The View from Row Z: Hardly a winning formula
Reporter: Matthew Chambers
Date published: 09 September 2008
MY EXPERIENCE of top-level motor racing is limited to video games.
Even then, you’re talking Mario Kart on the Super Nintendo rather than one of those super-realistic simulators.
Playing as one of a number of brightly-dressed characters — a succession of plumbers, princesses and sentient mushrooms — you would aim to win each race using a combination of madcap driving and all the skulduggery you could muster.
Oversize banana skins, heat-seeking missiles, lightning bolts that shrink your competitors to a fraction of their usual size . . . that sort of thing.
It was all good, honest, dog-eat-dog fun in those teenage days and everyone knew where they stood.
The only nod to bureaucracy was the bean-like creature who would count down the start while perched atop a small cloud before floating off again to let things take care of themselves.
Had the FIA been involved in the design stages, I reckon the game would have been a very different experience.
No daring moves to break up the procession of cars, all of which have been plastered with adverts. No cutting off corners, even when staying on the track would mean your car is smashed to bits.
And, most certainly, no defeating the game’s undisputed star: the prancing horse in the bright red car.
Any infringements, no matter how petty, would be dealt with decisively.
All wins past and future would be void, the console would self-destruct, and parents would be requested that the player in question gets no supper for a week.
Only the Formula One authorities could have watched the sensational closing stages of the latest grand prix at Spa-Francorchamps and disapproved.
Lewis Hamilton’s thrilling efforts to win in hideous conditions contained an alleged infringement that barely existed even according to every ambitious pen pusher’s most beloved phrase: the letter of the law.
And still he was punished, for daring to race.
It was already withering on a life support machine. But F1 finally passed away on Sunday.
I’ll stick to Nintendo.
MANCHESTER City are supposedly planning a double swoop in January for Steven Gerrard and Michael Essien.

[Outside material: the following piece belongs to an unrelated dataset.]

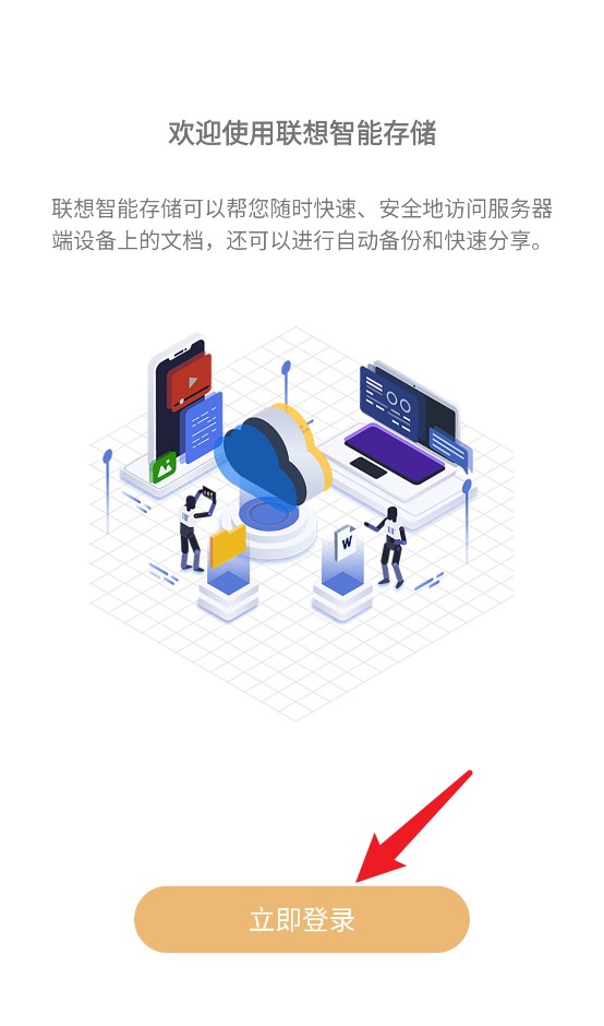 1、打开联想智能存储APP后点击“立即登录”按钮,即可进入系统准备使用各种备份与共享功能。

Having already landed Robinho, the obscenely rich new owners from Abu Dhabi are also said to be targeting — among others — Cristiano Ronaldo, Fernando Torres, Cesc Fabregas and Kaka.
Plenty of attacking promise there. But no word on potential new defenders?
Presumably they will be sticking with Michael Ball, Richard Dunne and the rest.
At the moment too few hard questions are being asked about remote ownership of our top clubs.
How much of the essence of Manchester City FC remains when the team is stuffed full of foreign mercenaries, playing for the reflected glory of an emirate at the other side of the world?
Our football heritage is important. Far more so than a brimming transfer kitty.